= Early Paleo-Eskimo =

Early pre-Inuit culture in arctic Russia, Canada and Alaska

The Early Paleo-Eskimo is the first of three distinct periods of human occupation recognized by archaeologists in the eastern North American Arctic, the others being the Late Paleo-Eskimo and the Thule. Dates for these occupations vary according to specific geographic region and cultural historical perspective, but it is generally agreed that the Early Paleo-Eskimo approximately spans the period from 4500 BP to 2800-2300 BP.

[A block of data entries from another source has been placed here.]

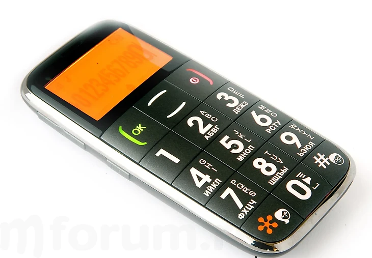 Очень простое по характеристикам устройство: камера на 0,3 МП, аккумулятор на 1700 мАч. Его плюсы: большие клавиши с подсветкой, громкий динамик, кнопка SOS для экстренного вызова скорой и док-станция, в которой телефон не потеряется.
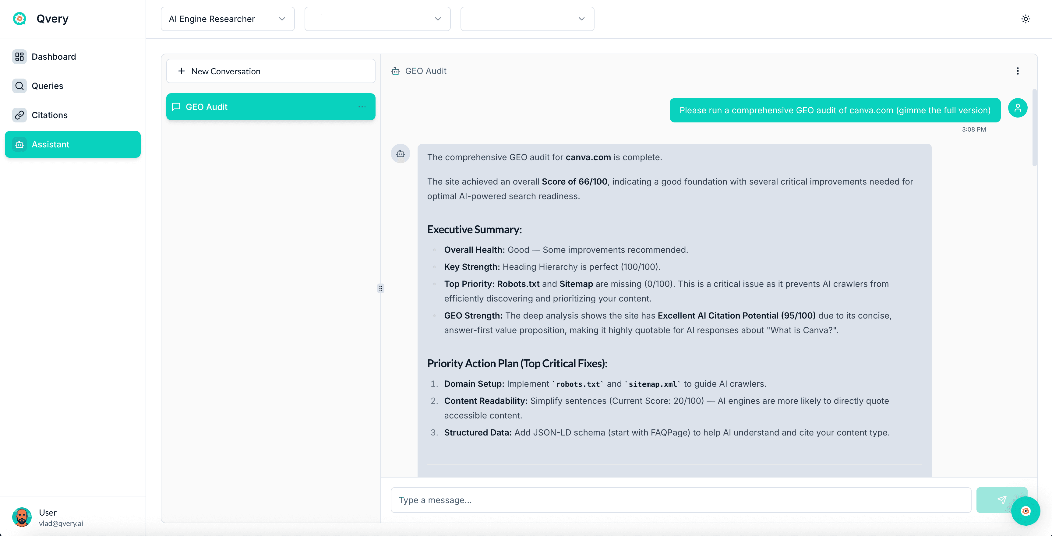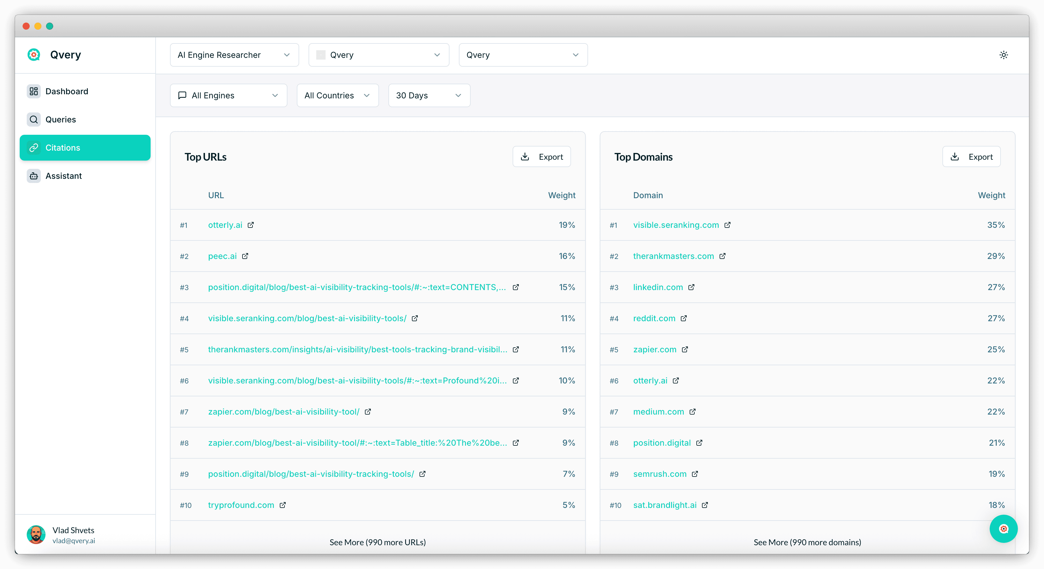 Qvery Assistant: our built-in AI chat that lets you explore citation data conversationally. Ask it "show me the top 10 listicles by citation weight where my brand isn't mentioned" and get an actionable list in seconds.
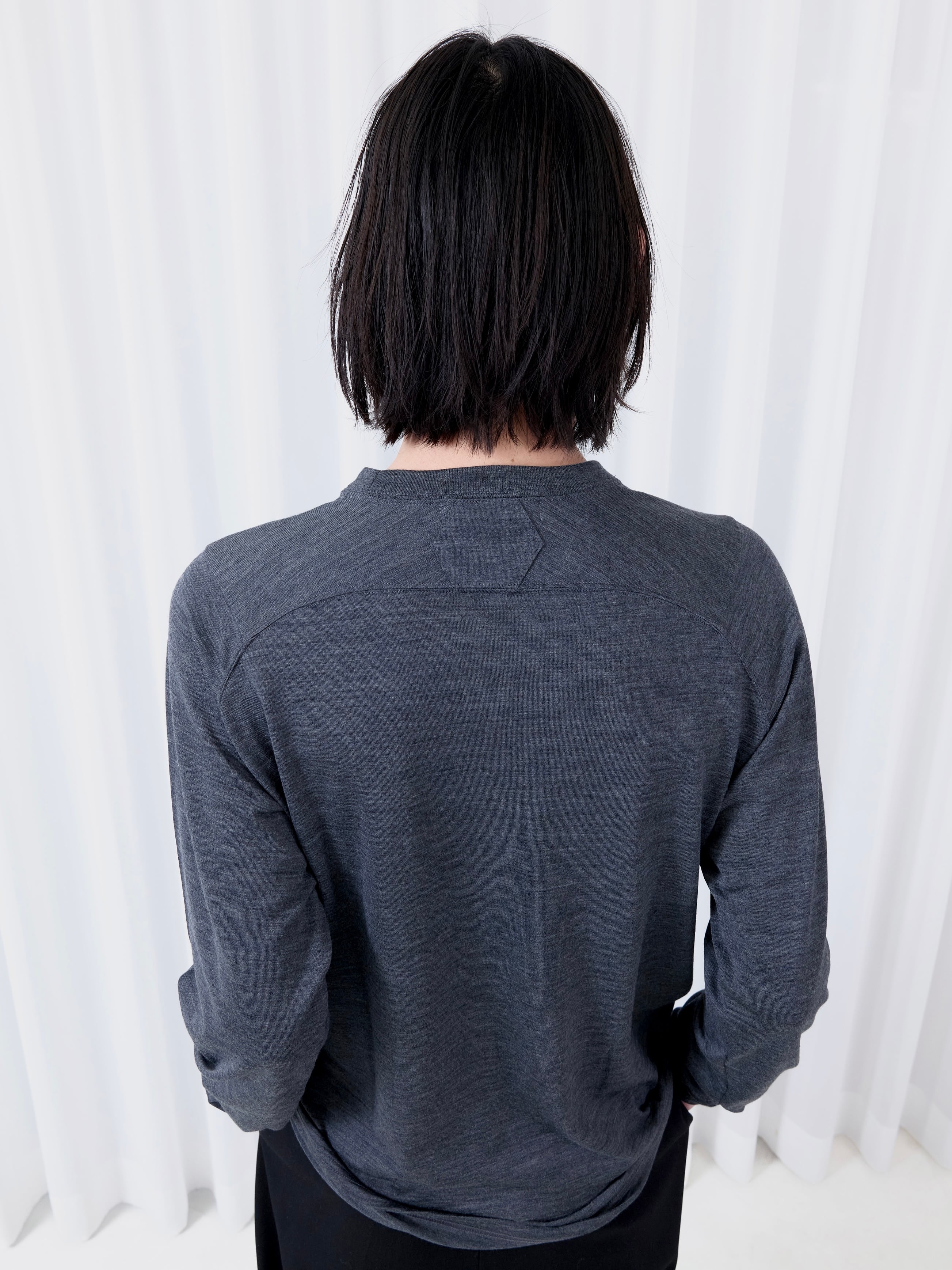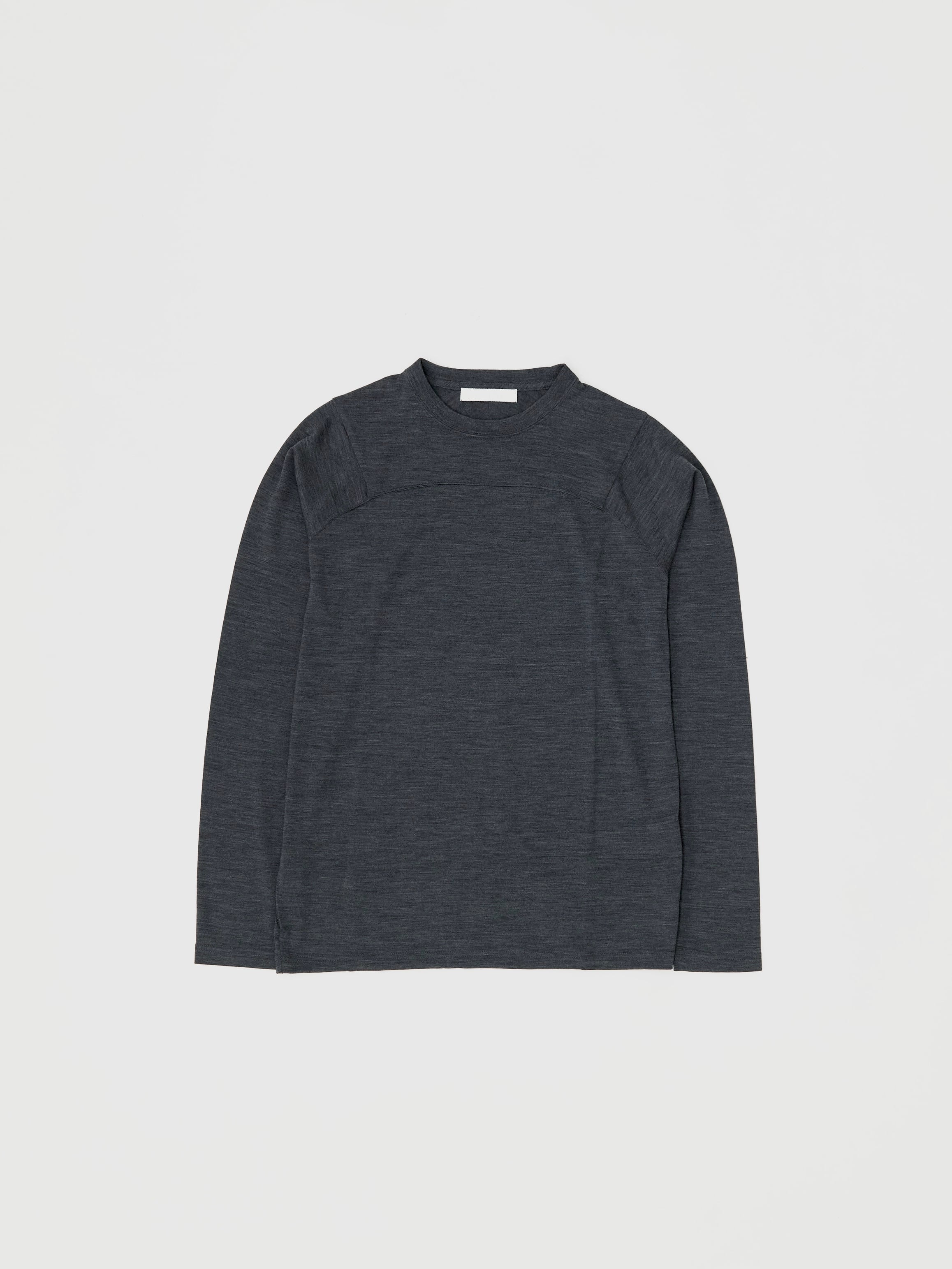 SUPER120'sのニュージーランド産メリノウールを、アノニマスなフットボールシャツに仕立てました。嵩高性がありながらも毛羽立ちが極めて少なく、非常にソフトなタッチ感が特徴です。
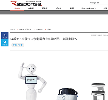 「ロボットを使って余剰電力を有効活用 実証実験へ」というSBエナジー、ソフトバンクロボティクス、東急不動産による取り組みについて取り上げている記事が、レスポンスに掲載されています。
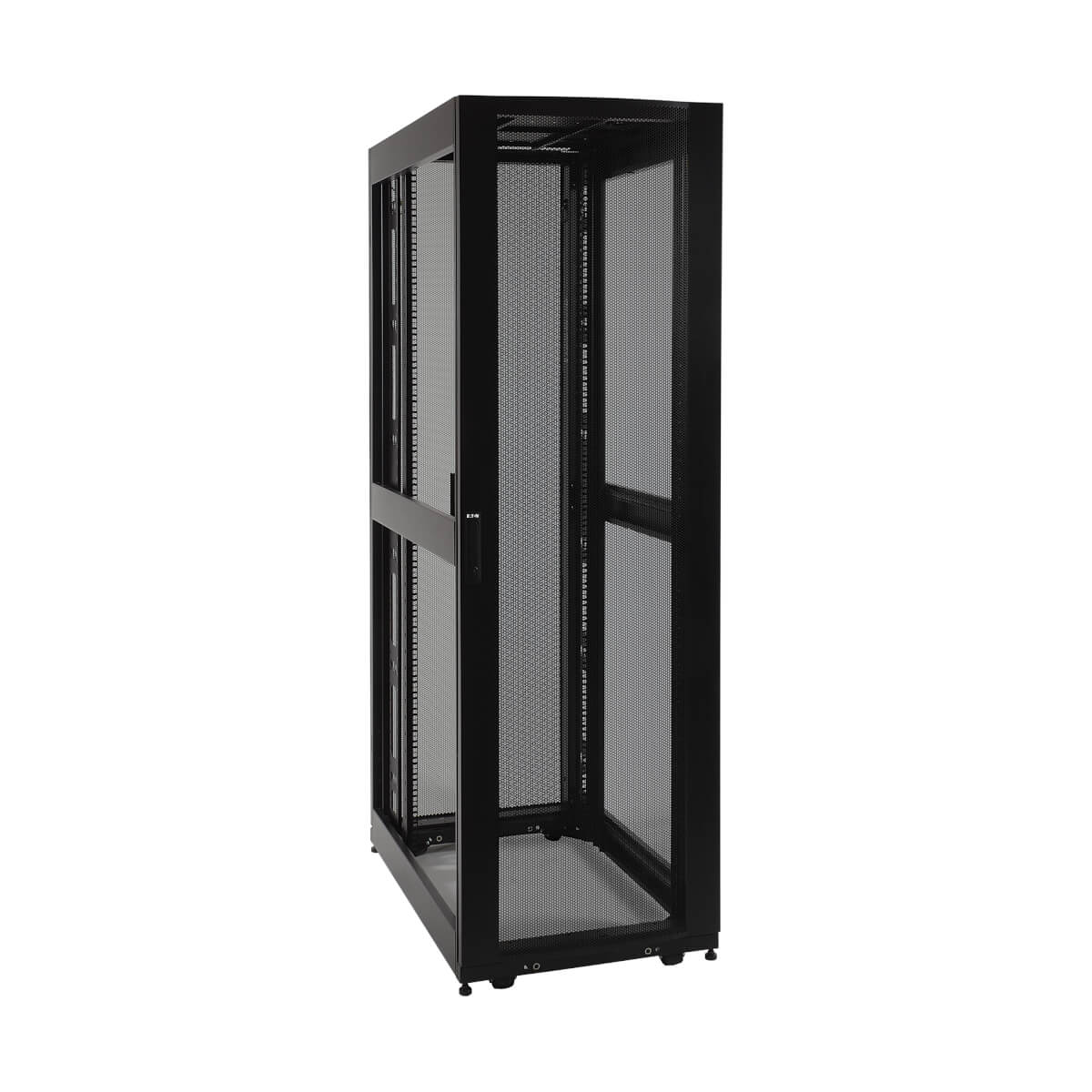 Das SR45UB bietet Platz für Standard-Rack-Geräte in 45U von 19 Zoll (482,6 mm) mit einem Gewicht von 1.588 Kilogramm (3.500 Pfund). Seine vorderen und hinteren vertikalen Schienenpaare haben quadratische Befestigungsbohrungen, die in Viertelzoll-Schritten von 4 (101,6 mm) bis 37 Zoll (939,8 mm) einstellbar sind. Die Einstellung erfolgt schnell, und ein übersichtlicher Tiefenindex gewährleistet eine konsistente Schienenplatzierung, ohne dass zeitraubende Messungen erforderlich sind. Jeder Rackplatz innerhalb des Gehäuses ist zur besseren Übersicht nummeriert.
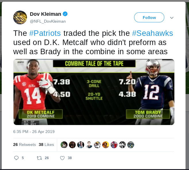 Thought this was pretty funny, DK Metcalf was considered one of the better WRs in the draft but didn't get drafted until the third round.
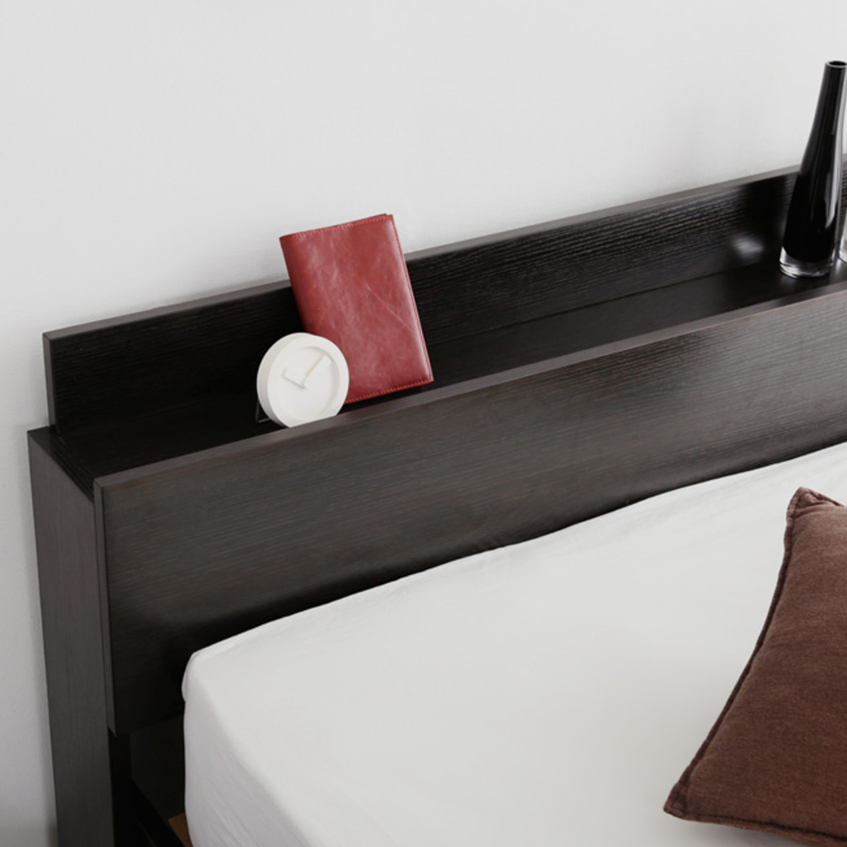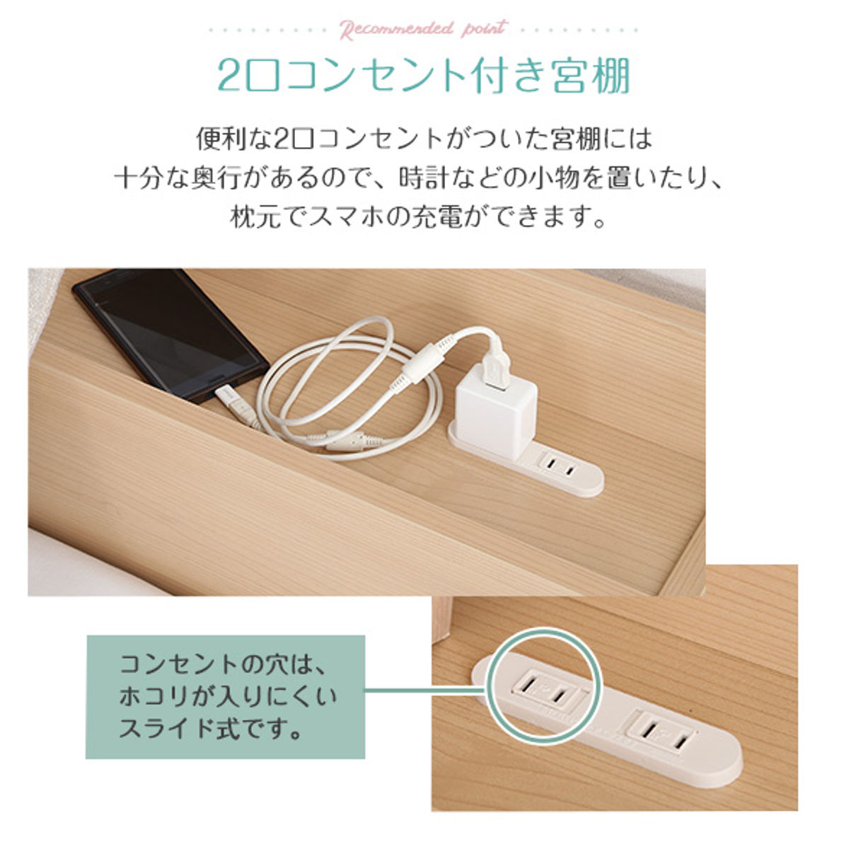 2口コンセントがついた宮棚は奥行が13.8cm。時計やメガネを置いたり、スマートフォンの充電や間接照明の使用など、就寝時やくつろぎ時間を快適にサポートします。
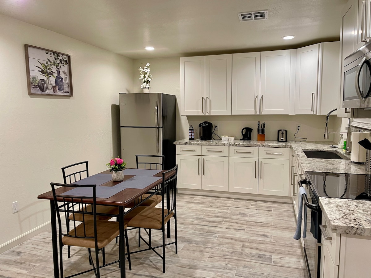 私たちのスイートの快適さを発見してください。 スムーズなセルフチェックインで、フルキッチン、長期滞在向けの洗濯機・乾燥機をご利用いただけます。 机、安定したWi-Fi、テレビ放送、Netflix、Huluを備えた2台のRoku TVがあり、仕事と余暇を楽しくします。 豪華なキングサイズベッドや引き出し式ソファで休んだ後は、モダンなシャワーでリフレッシュしましょう。 専用玄関からパティオの静けさをお楽しみください。 無料の路上駐車場で、手間のかからない体験をお楽しみいただけます。
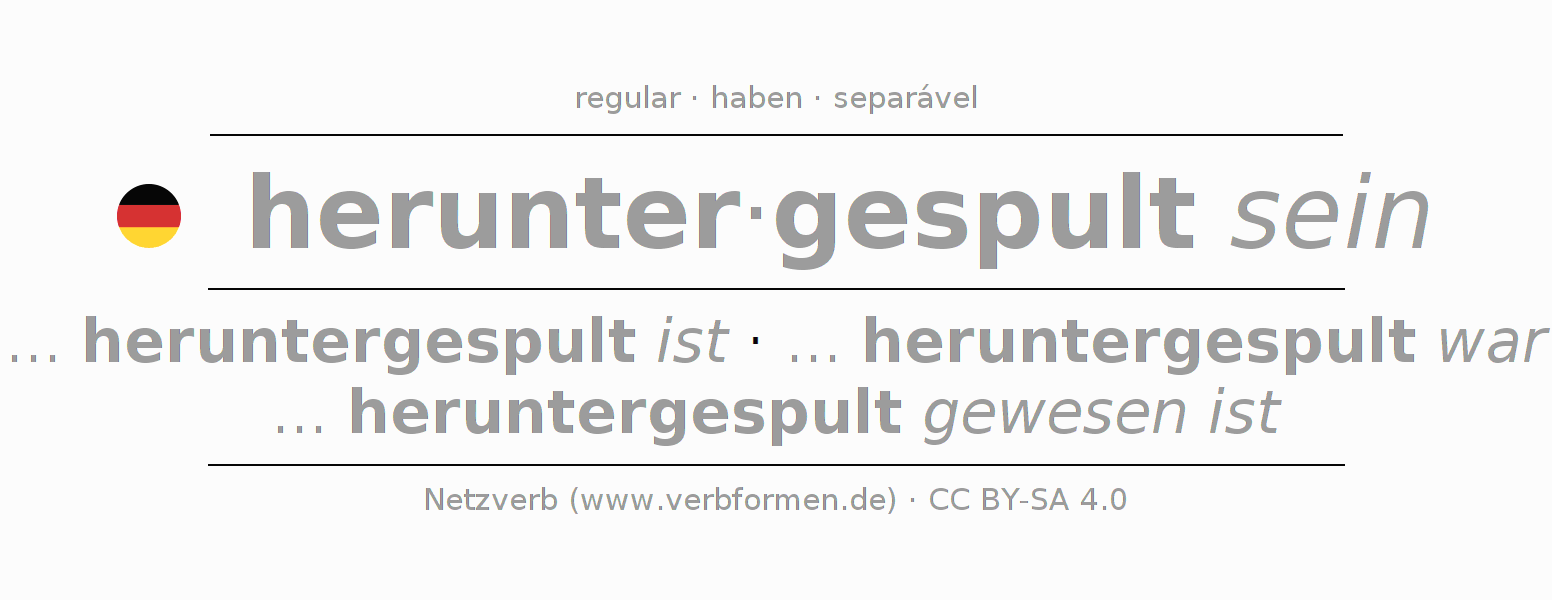 A conjugação do verbo herunterspulen (dizer de cor, recitar de memória) é regular. As formas mais comuns são ... heruntergespult ist, ... heruntergespult war e ... heruntergespult gewesen ist. O verbo auxilar para herunterspulen é "haben".
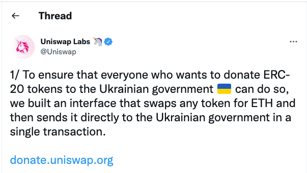 이더리움(ETH)의 대표적인 탈중앙거래소(DEX) 유니스왑(UNI)은 1일 공식 트위터를 통해 "사용자가 모든 이더리움계열(ERC-20) 토큰을 손쉽게 ETH으로 환전하고 우크라이나 정부에게 기부할 수 있도록 자체적인 인터페이스를 구현했다"고 밝혔다.
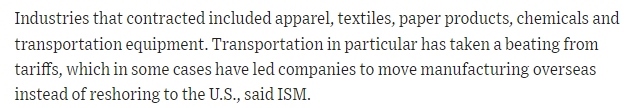 文章指出,美國制造業(yè)活動(dòng)萎縮的行業(yè)主要包括服裝、紡織品、紙制品、化工產(chǎn)品和運(yùn)輸業(yè)。文章表示,雖然當(dāng)前美國工廠產(chǎn)量有所增加,但未售出的庫存卻急劇增加。需求增長放緩,這在出口市場體現(xiàn)尤為明顯,而受關(guān)稅影響,出口市場的前景更加暗淡。

== The Early Paleo-Eskimo tradition ==
The Early Paleo-Eskimo tradition is known by a number of local, and sometimes spatially and temporally overlapping and related variants including the Independence I culture in the High Arctic and Greenland, Saqqaq culture in Greenland, Pre-Dorset in the High and Central Arctic and the Baffin/Ungava region and Groswater in Newfoundland and Labrador. More generally these are subsumed under a larger microlith tradition known as the Arctic Small Tool Tradition. Their ancestral origins are presumed to lie in Alaska, and ultimately Siberia and Eurasia.

== Sources ==
- Murray, M.S. (2005). Prehistoric Use of Ringed Seals: A Zooarchaeological Study from Arctic Canada. Environmental Archaeology 10 (1): 19–38.